The European Federation of Pharmaceutical Industries and Associations (EFPIA) and the Pharmaceutical Research and Manufacturers of America (PhRMA) have strengthened their commitment to enhancing public health by endorsing joint “Principles for Responsible Clinical Trial Data Sharing: Our Commitment to Patients and Researchers.”
“Companies routinely publish their clinical research, collaborate with academic researchers, and share clinical trial information on public websites,” said Christopher Viehbacher, president of EFPIA and ceo of Sanofi. “By endorsing the Principles, biopharmaceutical companies commit to enhance these efforts by making additional information available to the public, patients who participate in clinical trials, and to qualified researchers.
Under the new commitments, biopharmaceutical companies will dramatically increase the amount of information available to researchers, patients, and members of the public.
For example, patient-level clinical trial data, study-level clinical trial data, full clinical study reports, and protocols from clinical trials in patients for medicines approved in the US and the EU will be shared with qualified scientific and medical researchers upon request and subject to terms necessary to protect patient privacy and confidential commercial information. Researchers who obtain such clinical trial data will be encouraged to publish their findings.

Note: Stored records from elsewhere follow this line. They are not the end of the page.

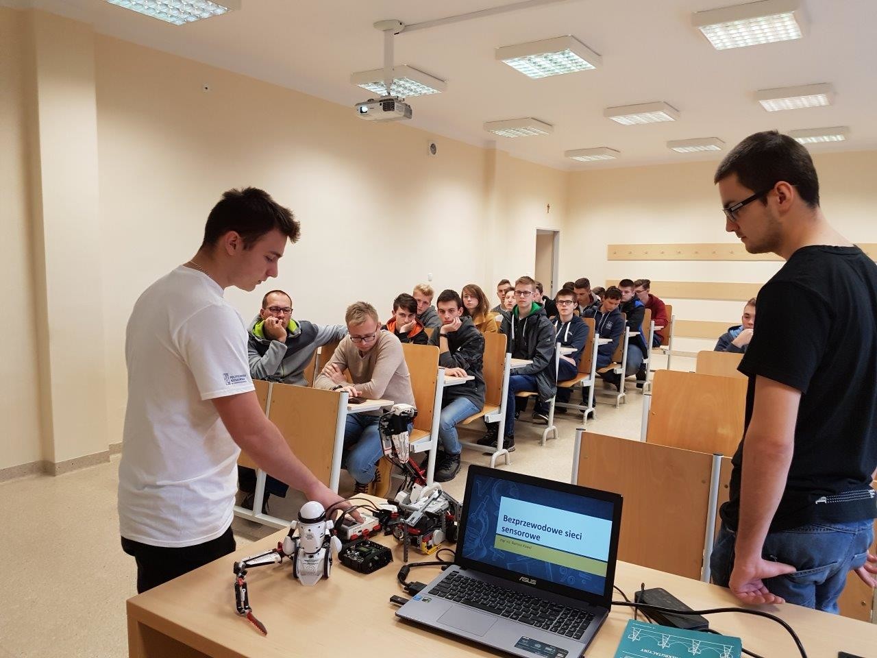 Podczas dwugodzinnego spotkania, dr inż. Paweł Dymora przedstawił ofertę edukacyjną Wydziału i Uczelni, natomiast mgr inż. Bartosz Kowal przedstawił prezentację na temat zagadnień związanych z projektowaniem i testowaniem bezprzewodowych sieci sensorowych.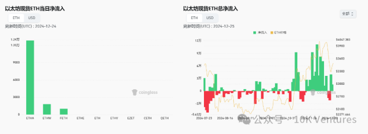 总的来说 ETH ETF 的净流入进展相对 BTC ETF 较慢。在今年 11 月 29 日是分界点,ETH ETF 开始大幅净流入,当天净流入 3 亿美金,是之前 4 个月累计净流入的 2 倍。此后一段时间内,ETH ETF 开始持续净流入,但我们也观察到例如孙宇晨等 crypto native 老 OG 开始抛售以太坊,目前呈现的是圈内抛售,圈外 ETF 增持的趋势。截止 12 月 26 日,ETF 累计持有 3% 的 ETH。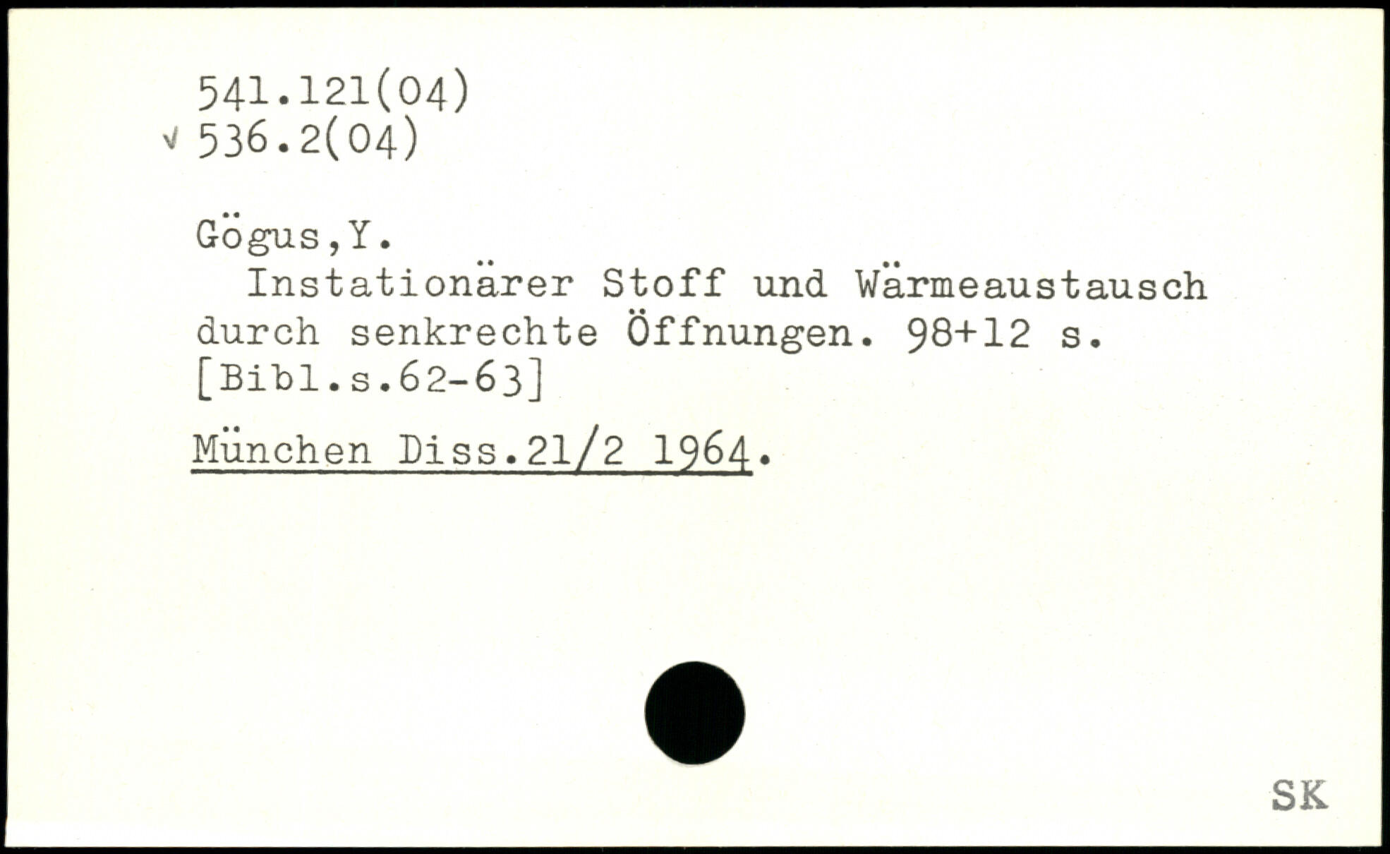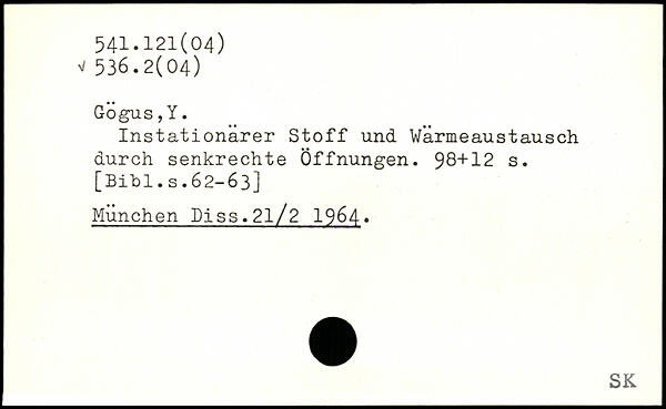 Instationarer Stoff und Wärmeaustausch durch senkrechte Öffnungen. JB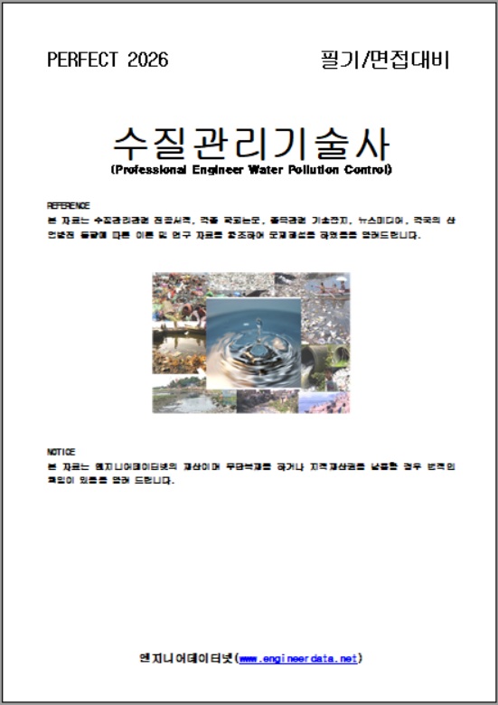 2026년 필기/면접대비 수질관리기술사 해설집을 2025년 137회까지 출제문제와 예상문제, 참고자료를 업데이트하여 판매하니 edn@engineerdata.net으로 문의하시거나 033-452-9081으로 전화를 주시면 샘플과 함께 상세하게 안내하여 드리며 하기 목차는 지금까지 출제된 문제를 풀이하여 답안지 형식으로 전개한 것입니다.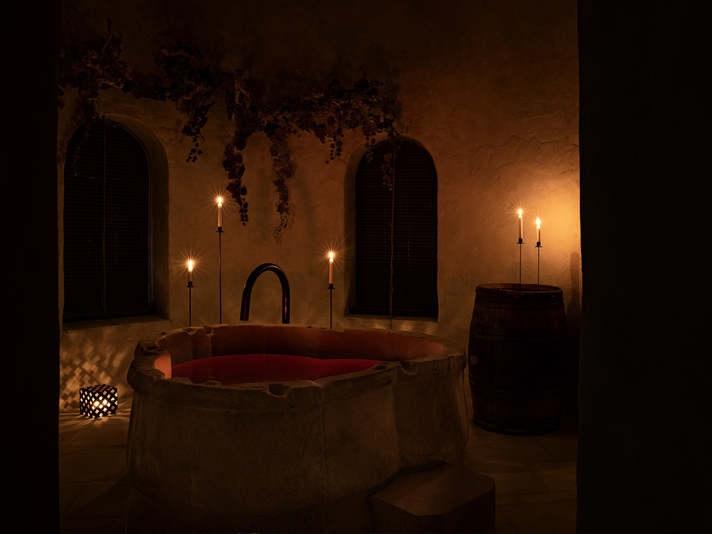 The flagship AIRE Experience includes 45 minutes in a private wine bath, a cranial massage with a hair mask, a 15-minute body exfoliation, and a 60-minute relaxing body massage that includes a face massage with cryo sticks and a thermal bath. It also includes a glass of wine and a selection of cheeses.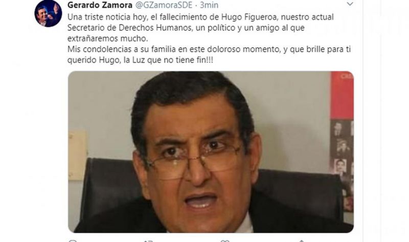 El gobernador de Santiago del Estero, Dr. Gerardo Zamora, lamentó el deceso de uno de sus principales funcionarios: Hugo Figueroa, quien se desempeñaba como Secretario de Derechos Humanos de la Provincia.
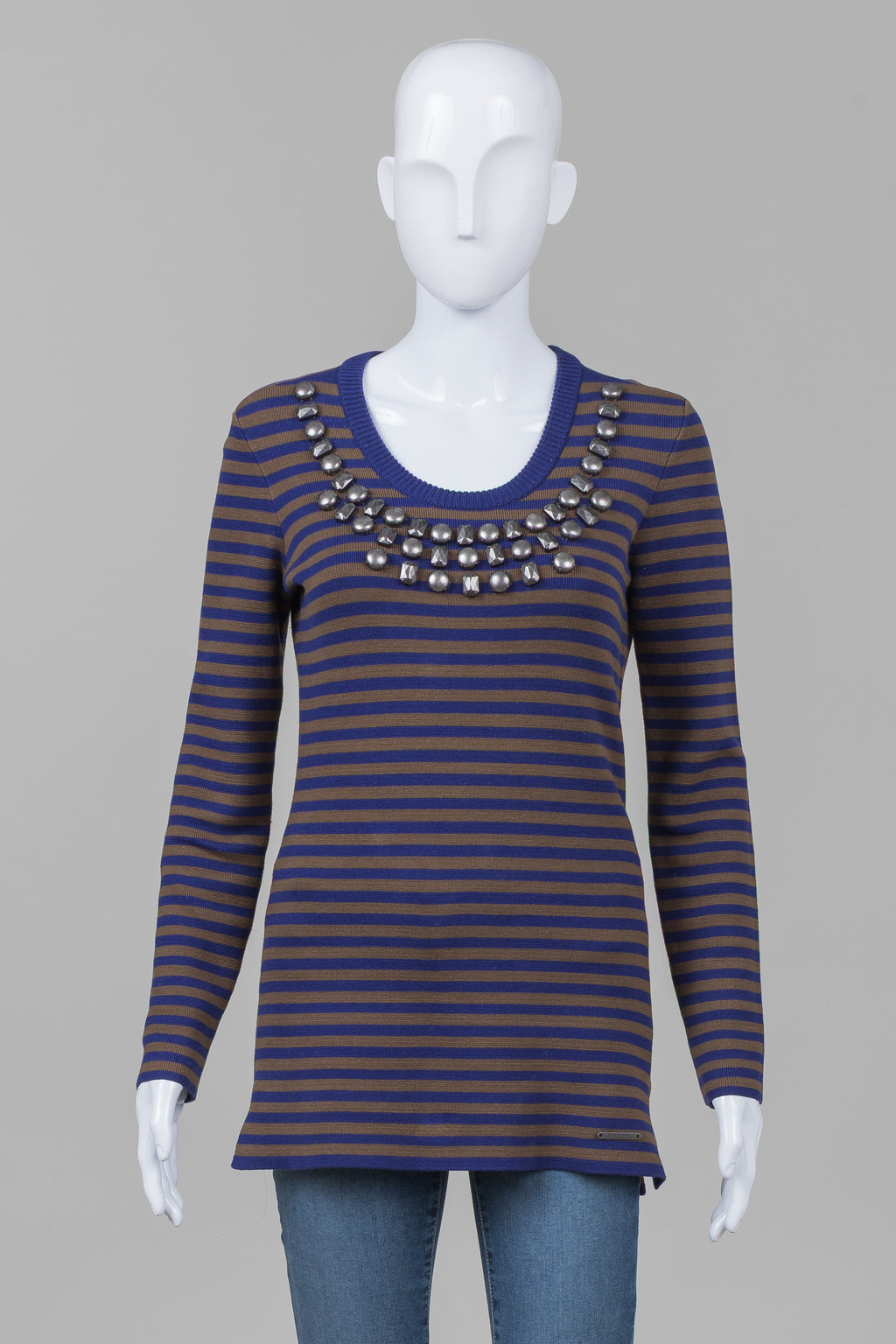 Burberry Brit royal blue & khaki striped scoop neck sweater with metal embellishment (S)

“The commitments recognize the importance of sharing clinical trial data in the interest of patients, healthcare and the economy. Imperative to the success of this initiative are safeguards that ensure patient privacy, respect for integrity of regulatory systems worldwide and greater incentives for more investment in medical innovation,” said Robert Hugin, chairman of PhRMA and Chairman and ceo of Celgene Corporation.
The Principles are available here. The commitments will come into force from January 2014.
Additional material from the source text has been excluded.